Tribal education leaders began looking for funding opportunities; in 2019, they received a five-year Project AWARE grant from the U.S. Substance Abuse and Mental Health Services Administration (SAMHSA), a partnership between the Saginaw Chippewa Tribe and the Mt. Pleasant and Shepherd public school districts.
The grant paid for additional staff—ten new counselors across the three districts—along with annual trauma-informed training for school personnel; the first round, in August 2019, included over 600 staff. Project AWARE also aims to go beyond the schools themselves, building bridges to non-profit agencies, private providers and other community supports, Henry says.
For instance, the schools now partner with HopeWell Ranch, which offers equine therapy, and are reaching out to other local organizations and providers to learn more about their services and connect them with the schools. For example, Listening Ear provides a 24-hour crisis line as well as a runaway and homeless youth program and residential services for those in need. Those connections and collaborations matter, says Henry, because schools’ resources are limited; it takes an entire community to support healthy students and families.

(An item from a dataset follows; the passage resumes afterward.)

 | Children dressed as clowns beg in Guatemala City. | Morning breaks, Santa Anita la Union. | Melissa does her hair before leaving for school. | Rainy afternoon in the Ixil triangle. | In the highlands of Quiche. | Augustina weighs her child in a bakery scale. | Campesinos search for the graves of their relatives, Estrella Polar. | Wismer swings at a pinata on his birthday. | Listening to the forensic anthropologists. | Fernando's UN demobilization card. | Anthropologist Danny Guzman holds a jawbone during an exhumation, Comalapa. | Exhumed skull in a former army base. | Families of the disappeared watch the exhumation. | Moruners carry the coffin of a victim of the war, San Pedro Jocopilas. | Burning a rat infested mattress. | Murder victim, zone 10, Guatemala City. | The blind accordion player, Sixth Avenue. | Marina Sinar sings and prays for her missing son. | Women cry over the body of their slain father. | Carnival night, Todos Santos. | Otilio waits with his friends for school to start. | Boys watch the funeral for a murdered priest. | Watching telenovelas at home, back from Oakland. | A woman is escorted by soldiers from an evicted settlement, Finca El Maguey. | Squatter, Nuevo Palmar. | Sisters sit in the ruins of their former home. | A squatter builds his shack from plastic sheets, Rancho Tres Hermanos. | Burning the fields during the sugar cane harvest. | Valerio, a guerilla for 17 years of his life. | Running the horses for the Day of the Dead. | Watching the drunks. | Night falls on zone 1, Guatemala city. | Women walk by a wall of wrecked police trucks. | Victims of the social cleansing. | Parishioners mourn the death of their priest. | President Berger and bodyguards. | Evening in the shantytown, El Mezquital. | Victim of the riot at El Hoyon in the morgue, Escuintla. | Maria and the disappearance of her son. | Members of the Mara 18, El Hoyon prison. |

In addition, the grant provided funds for teachers to create “calming corners” in their classrooms—areas in the room filled with sensory objects, weighted blankets, brain-teaser puzzles and other items to help children self-regulate without having to leave the room. Funds from the Tribal government’s 2% Grant program paid for therapy dogs for the schools.

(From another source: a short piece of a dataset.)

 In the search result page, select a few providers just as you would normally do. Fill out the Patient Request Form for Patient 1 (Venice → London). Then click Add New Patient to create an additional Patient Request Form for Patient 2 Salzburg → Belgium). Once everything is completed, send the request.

Project AWARE also aims to raise awareness and attention to staff wellness—especially at a time when some teachers are working double shifts in a hybrid school model, teaching both in-person and online classes each day.
The biggest outcome so far, according to Henry and Winchell-Gurski, is a change in perspective on the part of teachers, administrators, counselors and other adults who interact with children.

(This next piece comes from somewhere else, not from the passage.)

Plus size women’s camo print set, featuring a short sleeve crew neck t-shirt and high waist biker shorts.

“Behavior is a form of communication,” Henry says. “It’s [a matter of] shifting that mindset from a punishment model to a trauma-informed model—understanding why the student is exhibiting that behavior.”
Winchell-Gurski, who has also provided ACEs-and-resilience training to Tribal staff, health care workers, day care providers and volunteers, recalls a kindergarten teacher who felt so despondent about one child’s persistent tantrums that she would cry at the end of each work day. Winchell-Gurski visited the classroom, observed the child and helped the teacher figure out that the girl could manage transitions more comfortably if she was given a five-minute heads-up, was able to lean physically on the teacher and had opportunities to hang upside-down in her chair, a posture that can foster relaxation for some children.
While COVID-19 put a halt to in-person planning meetings and large-scale trainings, Project AWARE has continued to provide resources during the pandemic: a Zoom session for families on “parenting during COVID,” developed by a Mt. Pleasant counselor, and a collaborative school-supply distribution in the Shepherd district, with backpacks that included information on mental health and service provider contacts along with pencils and notebooks.
Project AWARE will collect data to gauge its effectiveness—the statistics SAMHSA wants, such as the number of students seen by the schools’ new counselors, as well as measures of student attendance, academic achievement and changes in disciplinary actions.
“The level of collaboration has definitely increased,” says Henry. “But it takes a long time to shift mindsets and school cultures.”
Meantime, the goal is to keep building connections—between teachers and families, between schools and their communities—with the aim of a fully trauma-informed community, says Winchell-Gurski. “Every single person you can share the information with is going to create that ripple effect. Change is slow. That’s okay. Slower change is more likely to hold on and be sustainable.”